[Collection entries]

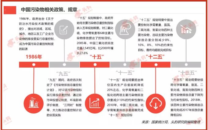 污染物減排是改善環境質量最直接的手段,政府持續發布政策控制污染物排放量,取得了顯著成果。1986年,政府出臺《關于防治水污染技術政策的規定》,成為中國污染總量控制制度的開端。“九五”期間,政府首次制定了《污染物排放總量控制計劃》。“十五”規劃綱要中,政府首次將主要污染物總量控制指標納入中國經濟社會發展規劃綱要。之后的“十一五”規劃綱要、“十二五”規劃綱要、“十三五”規劃綱要中,政府繼續提出主要污染物總量控制指標,并均超額完成目標,中國在污染物總量控制方面成效明顯。
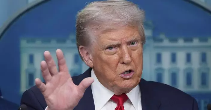 控方舉例指,黎智英請求特朗普制裁已構成犯罪,不需要特朗普說他收到請求。 AP圖片
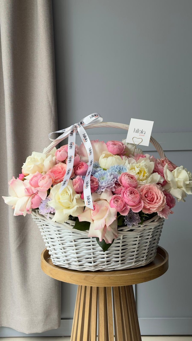 Şakayık, Hermosa ve Playa Blanca Sepet – Pembe Rüya, zarif beyaz hasır sepet içinde sunulan gösterişli bir çiçek düzenlemesidir. Beyaz şakayıkların dolgun ve büyüleyici yaprakları kompozisyonun kalbinde yer alırken, Hermosa güllerinin canlı pembe tonları neşeli bir enerji katar. Playa Blanca güllerinin bembeyaz zarafeti sakinlik sunarken, Light Pink ve Gender Party Altaj krizantemlerin pastel geçişleri büyüleyici bir derinlik yaratır. Mandala'nın zarif formu, Silva Pink'in romantik pembesi ve Wham'ın canlı tonları ise sepete zengin bir renk paleti kazandırır.
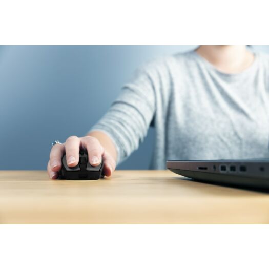 Акумуляторна бездротова миша з сучасним дизайном та гумовим покриттям.
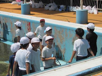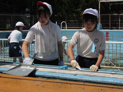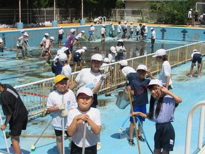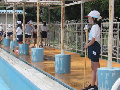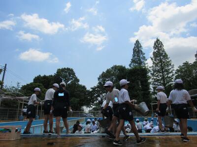 ◆1・2時間目、5年生がプール清掃に取り組んでいますよ。
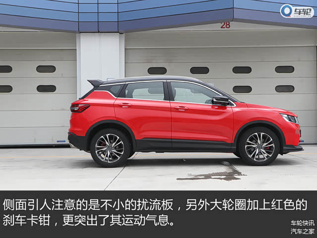 作为专门针对年轻消费群体量身打造的车型,首先高颜值是必须的。从外观上看缤越的设计是比较激进的,就拿前脸来说,不规则的进气格栅和车标全部黑化,外部进行红色点缀,更显运动。
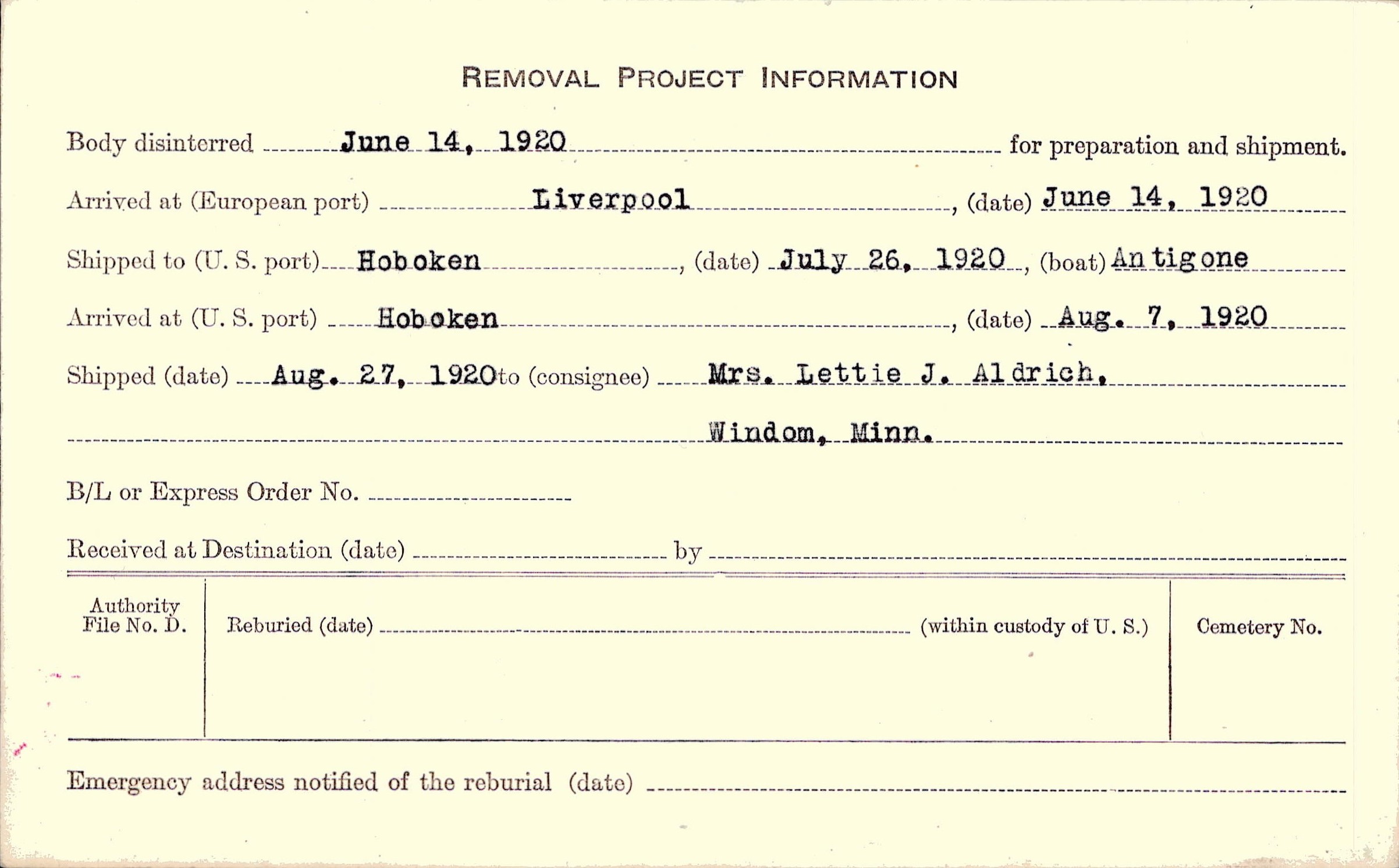 Body disinterred 6/14/1920 for preparation and shipment.

*PROBLEM:* Starting with the first line of the records above and stopping after the line containing "控方舉例指,黎智英請求特朗普", repeat every line exactly and leave out the pictures.

*RESPONSE FOR THIS EXERCISE:*
 污染物減排是改善環境質量最直接的手段,政府持續發布政策控制污染物排放量,取得了顯著成果。1986年,政府出臺《關于防治水污染技術政策的規定》,成為中國污染總量控制制度的開端。“九五”期間,政府首次制定了《污染物排放總量控制計劃》。“十五”規劃綱要中,政府首次將主要污染物總量控制指標納入中國經濟社會發展規劃綱要。之后的“十一五”規劃綱要、“十二五”規劃綱要、“十三五”規劃綱要中,政府繼續提出主要污染物總量控制指標,并均超額完成目標,中國在污染物總量控制方面成效明顯。
 控方舉例指,黎智英請求特朗普制裁已構成犯罪,不需要特朗普說他收到請求。 AP圖片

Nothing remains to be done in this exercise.